The record high water levels in Winnipeg this fall could have a trickle-down effect on the ice conditions and a popular winter activity.
The fluctuating water levels and temperatures have made for risky ice condition on the Red and Assiniboine rivers, creating frazil ice and fault lines.
Experts say a cold snap is needed before the ice can be deemed safe.
“We need weeks and weeks, or at least a week, of a consistent minus 20,” said Dr. Christopher Love, the Water Smart coordinator with the Lifesaving Society of Manitoba.
“[That’s] generally what we look for — for new, clear, hard ice formation.”
“We just don’t know what this winter is going to bring because we’ve had so many different conditions already,” he added, “and those changing water levels [mean] that even if we do get a nice cold snap at this point that’s going to last for a week, week and a half at minus 20, if the water levels change again after that, it doesn’t matter that we’ve had minus 20.
“The air cavities underneath could cause the ice to collapse and then you’ve got broken ice that then has to refreeze.”
The conditions will also have an impact on the river skating trail at The Forks.
Officials there say while it’s too early to determine how it will impact the river trail, they’re keeping a watchful eye on the conditions.
“The river level is unprecedented, so that’s something we’re contending with,” The Forks North Portage Partnership marketing and communications manager Larissa Peck said.
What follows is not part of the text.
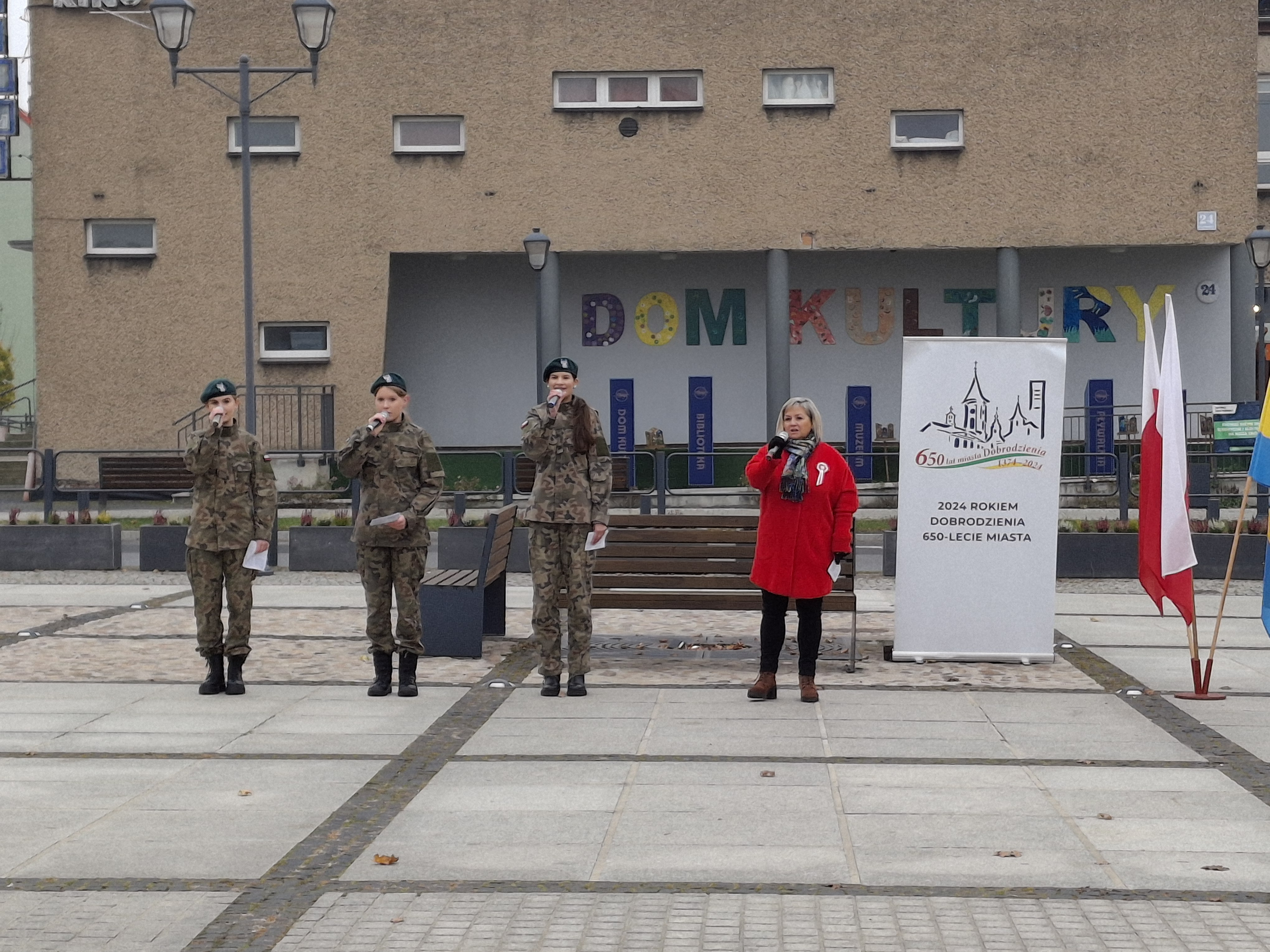 Obchody Narodowego Święta Niepodległości na Rynku Dobrodzienia - o godz. 12.00 uroczyste podniesienie flagi na maszt oraz wspólne odśpiewanie hymnu narodowego i pieśni patriotycznych w wykonaniu uczniów Zespołu Szkół w Dobrodzieniu i mieszkańców gminy Dobrodzień, którzy wspólnie z władzami miasta świętowali kolejną rocznicę odzyskania niepodległości.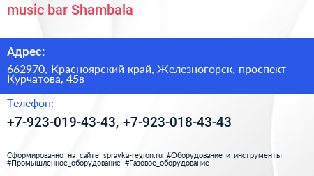 music bar Shambala по адресу 662970, Красноярский край, Железногорск, проспект Курчатова, 45в в дальнейшем Организация, размещена в следующих категориях:

“We won’t be able to make an official decision on the river trail until we know better in the coming weeks.”
Peck added that whether or not the river trail is a go, there will still be lots of winter activities in The Forks, including skating under the canopy, the lights in Arctic Glacier Winter Park, crokicurl and other skating options.
Peck says the river trail was a no-go in 2000, which is when The Forks introduced the on-land skating trails.